Popular Mechanics published a list of four dozen or so “Coolest Gigs on Earth.”
They ought to have said “manliest.” This isn’t The Atlantic or Time. This is Popular Mechanics!
The catalog is admirably inclusive, but it smacks of padding. For example, “Food Scientist” is pegged. This is a job which I’m sure is at least interesting—the guy profiled develops, among other things, blended iced coffee—but it isn’t manly.
Like “Food Scientist”, “Statistician” can be interesting. But is it a manly gig? “Don’t mess with him, Jim. He’s a statistician!”
Before laughing, try swapping your own title for mine. See if the sentence becomes less ridiculous. We “Account Managers”, “Financial Specialists”, “Insurance Brokers”, “Customer Relation Managers” are all in the same meek boat.
What’s a manly job? One that if you were to announce it at the bar—a drinking establishment where Pinot Grigio is not on the menu—the men sitting there would not smirk. Preferably, it is something that is done with your hands. Bonus points if it requires dangerous tools. A manly job is one that makes something tangible. It does something noticeable. It’s one that, at the end of the day, you can look back and actually see progress.

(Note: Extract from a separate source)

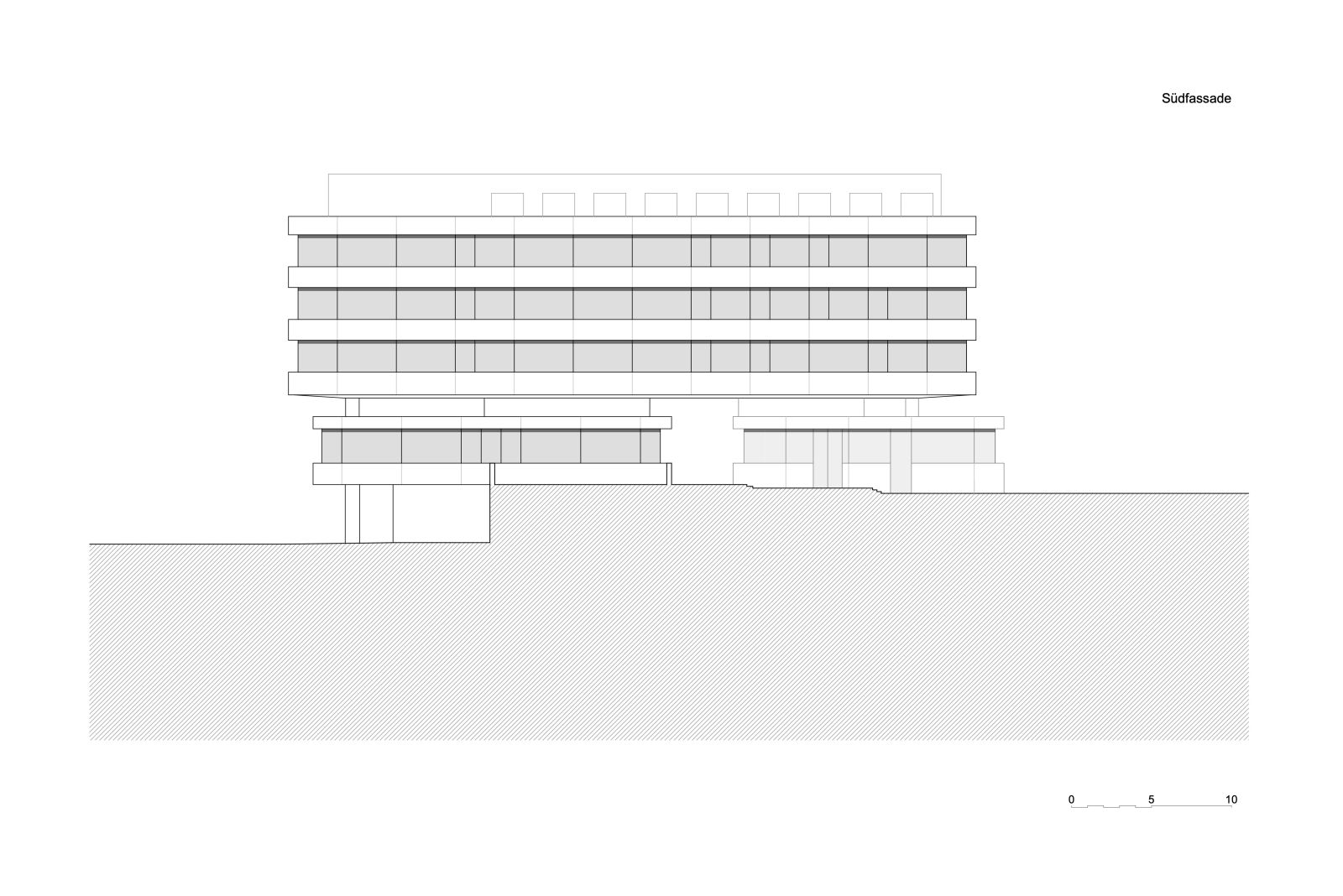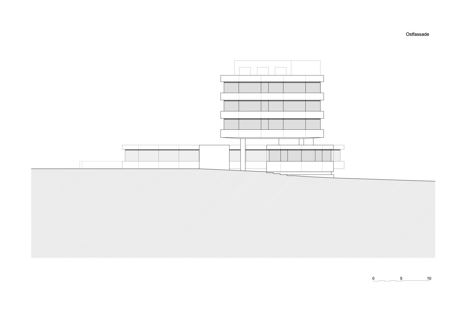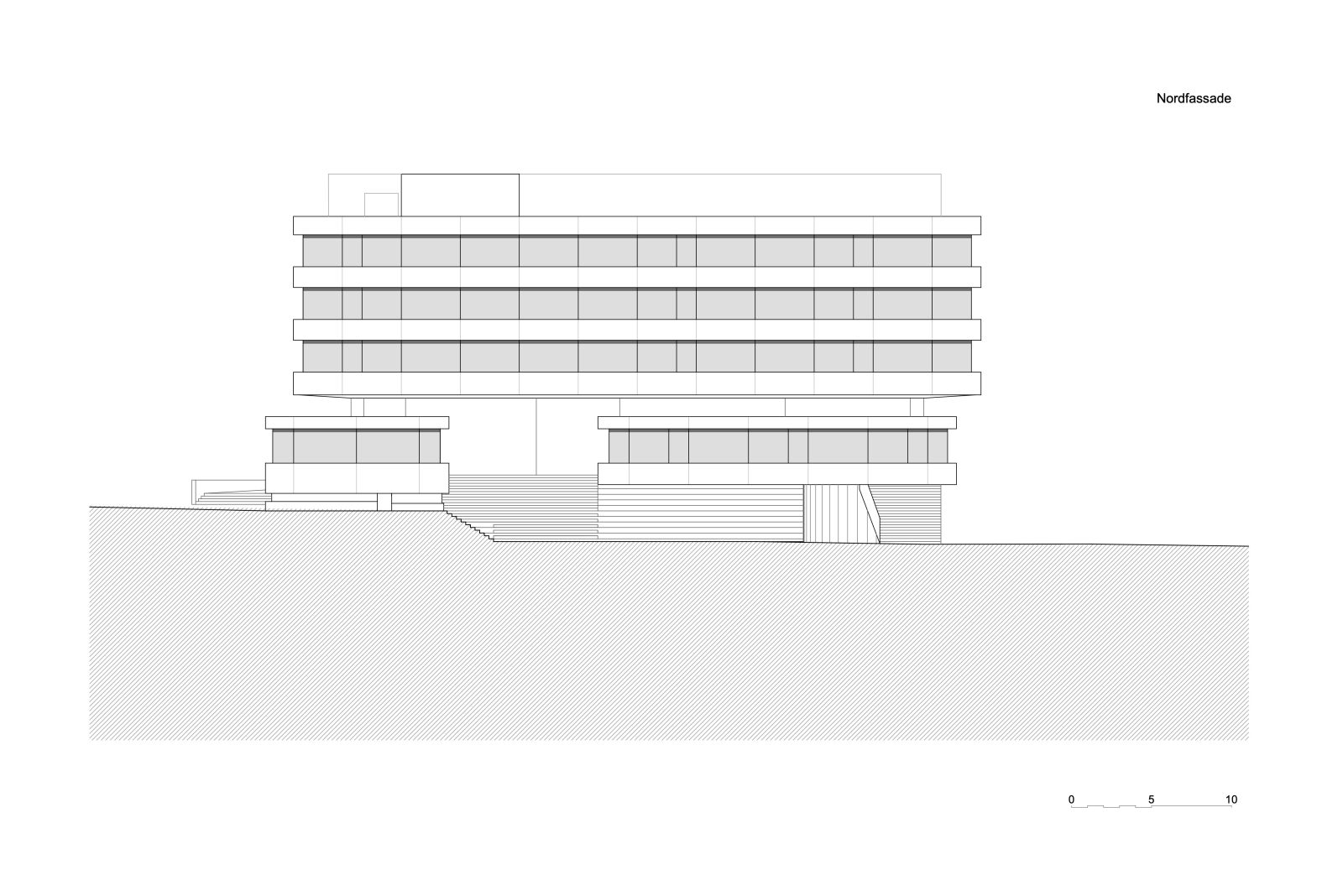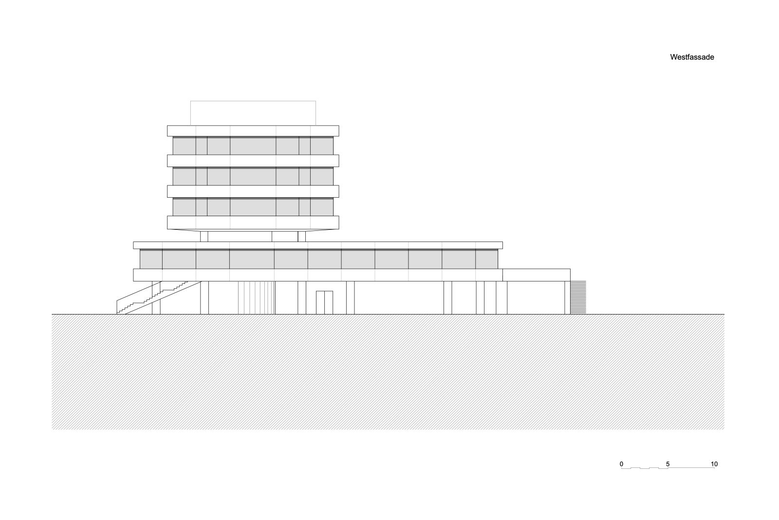Die unglaublich starke visuelle Kraft des Rohbaus wird auf alten Baustellenfotos deutlich. Klare einfache Strukturen und eine schlichte Formensprache machen diese Kraft aus. Zu dieser soll mit dem Projektentwurf zurückgefunden werden. Der Bestand wird auf seine Grundstruktur rückgebaut. Die visuell prägende Plattenstruktur des Rohbaus soll nun deutlich sichtbar werden. Die Bänder der Geschossdecken sowie die Stützen im Innern sind formgebend für das neue Gebäude und geben ihm seine dynamische Wirkung. Durch eine Erweiterung der vertikalen Struktur wird das Konzept des Bestandes gestärkt. Die Fassade wird in reduzierter Art neu gestaltet und energetisch in das Haustechnikkonzept einbezogen. Die Treppenkerne bleiben erhalten und werden räumlich ergänzt. Einfache, klare Grundstrukturen die durch eine flexible Möblierung bespielt werden können. Dadurch kann der Grundriss möglichst frei gestaltet werden und ist für zukünftige Änderungen vorbereitet.

Here, then, are my entries. I’ve taken as many as I could from Popular Mechanics (marked with PM) and made inclusions where they were negligent. The entries are in rough order of what I’d rather be doing. Daydreaming is, of course, the real purpose of the list.

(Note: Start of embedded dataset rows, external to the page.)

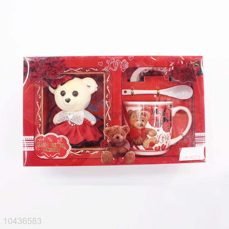 Good quality ceramic couple mug with bear doll
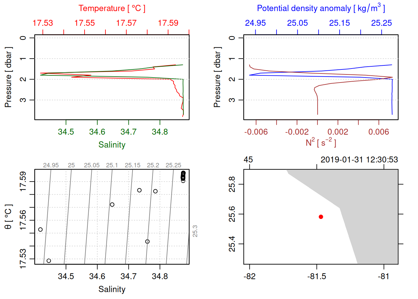 tryCatch({ trimmed_cast <-ctdTrim(cast) decimated_cast <-ctdDecimate(trimmed_cast, p =0.1)# plotting can cause the xlim failureplot(decimated_cast)# === export ===# Get the scan numbers that remain after cleaning cleaned_scans <- decimated_cast@data$scan# Load original raw data to keep all columns ctd_raw <- readr::read_csv(dataFile, show_col_types =FALSE)# Filter raw data to only include the cleaned scans cast_df <- ctd_raw %>%filter(!is.na(sea_water_pressure)) %>%# Remove rows without pressure datamutate(row_num =row_number()) %>%filter(row_num %in% cleaned_scans) %>%select(-row_num)# Add metadata cast_df <-mutate( cast_df,station = station_id,cruise_id = cruise_id )# Check if there are any rows in the cleaned dataif (nrow(cast_df) ==0) {cat("\n=== WARNING: NO DATA AFTER CLEANING ===\n")cat("Cast ID:", params$cast_id, "\n")cat("Station:", station_id, "\n")cat("Cruise:", cruise_id, "\n\n")cat("Raw data rows (with pressure):", sum(!is.na(ctd_raw$sea_water_pressure)), "\n")cat("Cleaned scans to keep:", length(cleaned_scans), "\n")cat("Resulting rows:", nrow(cast_df), "\n\n")cat("Raw data summary:\n")print(summary(ctd_raw[c("sea_water_pressure", "sea_water_temperature", "sea_water_salinity")]))cat("\nCleaned scans (first 20):\n")print(head(cleaned_scans, 20))cat("\n=== CSV FILE NOT CREATED (no data) ===\n\n") } else {# create folder if doesn't exist clean_data_loc <- here::here("data/02_clean")try(fs::dir_create(clean_data_loc))# save ctd to .csv (without row names/indices)write.csv(cast_df, glue("{clean_data_loc}/{params$cast_id}.csv"), row.names =FALSE)cat("Successfully saved", nrow(cast_df), "rows to", glue("{params$cast_id}.csv"), "\n") }}, error =function(e) {cat("\n=== CTD PROCESSING ERROR ===\n")cat("Cast ID:", params$cast_id, "\n")cat("Error message:\n", conditionMessage(e), "\n\n")# Safely inspect objects that might or might not exist when the error happenedif (exists("decimated_cast")) { df <-try(as.data.frame(decimated_cast@data), silent =TRUE)if (!inherits(df, "try-error")) {cat("Dataframe columns:\n")print(names(df))cat("\nSummary of key columns (scan, pressure, temperature, salinity if present):\n") known_cols <-intersect(c("scan", "pressure", "temp", "temperature", "salinity", "conductivity"), names(df))print(summary(df[known_cols], digits =3))cat("\nHead of dataframe:\n")print(head(df)) } else {cat("Could not extract dataframe from decimated_cast.\n") } } else {cat("decimated_cast was never created before the error.\n") }cat("\n=== END ERROR DEBUG INFO ===\n\n")})
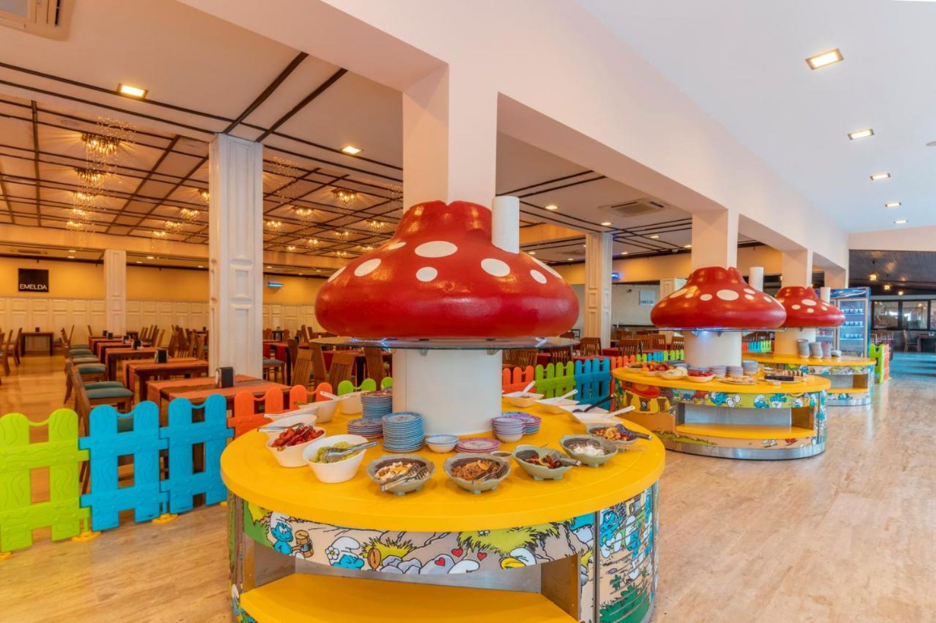 Основен ресторант, 5 а-ла-карт ресторанта (рибен, турски, италиански, далекоизточен, стек - срещу заплащане, с предварителна резервация), снек бар, сладкарница, 5 бара, диско бар, 3 открити басейна, водни пързалки, амфитеатър, лунапарк, СПА център, дискотека, магазини.
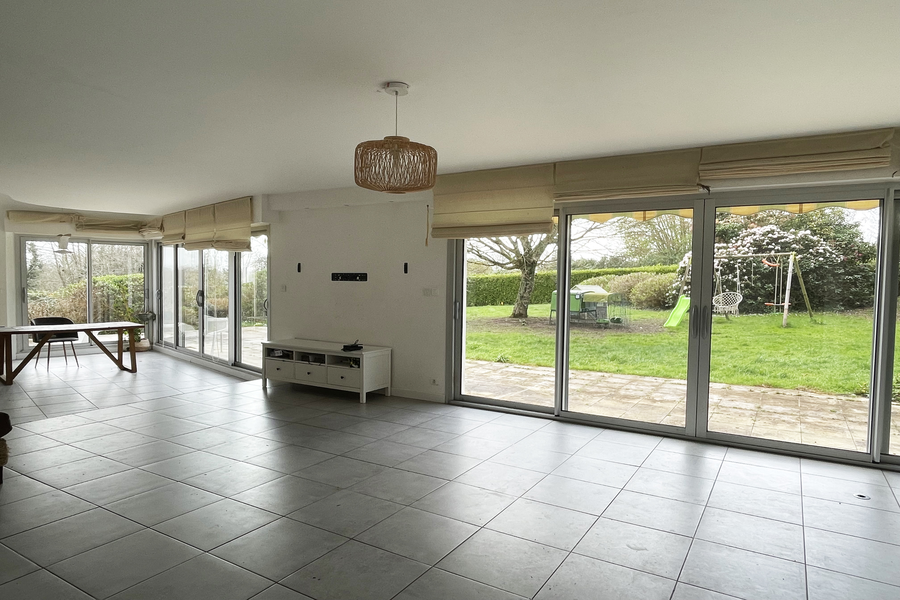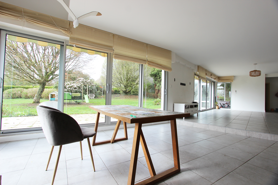 Quimper SUD, en direction de Bénodet, en impasse et au calme, cette belle propriété s’offre dans son cadre de verdure. Dès l’entrée passée, se dévoile une lumineuse pièce de réception d’environ 65 m², ouverte sur la terrasse et le jardin. A proximité, se loge une grande cuisine dinatoire et sa…
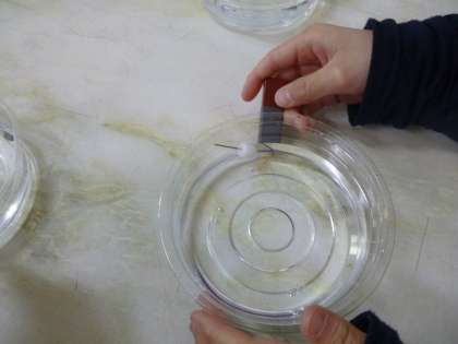 2つ目の実験では、プラスチックのカップの中に水を入れ、そこに発泡スチロールがついた鉄の棒を浮かべたものを用意しました。カップの外側から磁石を近づけ、鉄の棒を引きつけることはできるのかを確かめました。

- PM Try that “Don’t mess with” sentence with “Bladesmith” as the occupation. It’s a fancier name for Blacksmith. Few titles sound manlier. PM profiles Burt Foster, who can make knives “that can chop through a 2 x 4, shave hair off an arm and bend 90 degrees.” He can also snap your neck in two and is impervious to heat.

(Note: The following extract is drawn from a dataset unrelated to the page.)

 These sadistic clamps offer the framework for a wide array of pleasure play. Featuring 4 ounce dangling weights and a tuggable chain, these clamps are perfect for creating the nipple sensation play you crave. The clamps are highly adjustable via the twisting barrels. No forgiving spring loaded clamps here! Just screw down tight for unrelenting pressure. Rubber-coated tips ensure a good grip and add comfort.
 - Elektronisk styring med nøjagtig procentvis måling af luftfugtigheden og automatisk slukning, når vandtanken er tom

- PM Stuntman. If you’ve seen—and appreciated—Burt Reynolds in Hooper, then nothing more need be said.
- PM Baseball Bat Maker. Johnny Damon steps up to the plate and takes the first pitch for a strike. Inge is on third from an earlier single, Ordoñez walked to first. Tigers are down by two runs. Crack! Home run! Tigers win! And it was your bat that did it. That’s both cool and manly.
- PM Field Mechanic. Any kind of mechanic, to include tool and die men, is surely manly. But fixing flats under fire ratchets up the required testosterone. This is one of the military professions PM included without resorting to admitting the necessity of soldiering.
- PM Grand Canyon River Guide. River Guide—Outback Guide, Tundra Guide, Jungle or Steppe Guide, any kind of expert of navigating nature’s nastiness—just smacks of a movie waiting to be. Here’s rugged Walker Mackay, who has lived on the river all his life. He’s taken hundreds of tours. But something is different about this one. Maybe it’s a chase, maybe it’s hidden treasure, maybe even something about a modern Hole in the Wall Gang. Adventure is just around the next bend.
- Soldier. The profession of arms is nowadays seen as low class when it’s not downright despised. People say, “We support our troops” by which they mean, “Those fools couldn’t find any other job.” An army is an indulgence and not a necessity. History is filled with societies anxious to beat their swords into plowshares only to find their neighbors have done the opposite. But what of men like Alexander, Patton, Ceasar, Joshua, Nelson, Washington, Wellington. That I can just write their last names and that you know exactly who I mean and why, shows the true importance of this profession.
- PM Demolition Blaster What true man doesn’t like to blow stuff up? And to get paid to do it? Sheer bliss.
- PM Fisherman On the open, raging sea. Trying not to be washed overboard. Drinking rum. Hauling in tons of smelly fish. Gutting, scaling and hacking them into Mrs Paul’s you leave to others.
- PM Distilleryman Drink up, men. Anybody can make beer: too many have. These days, microbrew ingredients more closely resemble fruit pie than beer. But it takes a real man to make whiskey.
- Astronaut. A rocketman on a mission to the stars! Even the training is brutal. Nothing is manlier. Unless on that mission, aliens are attacking and you are the Last Hope. Staving off an alien invasion must be the pinnacle of manliness.
Athlete is not on the list because it’s not a job a man can keep much past thirty. Unless it’s golf or curling. Fine sports. But manly?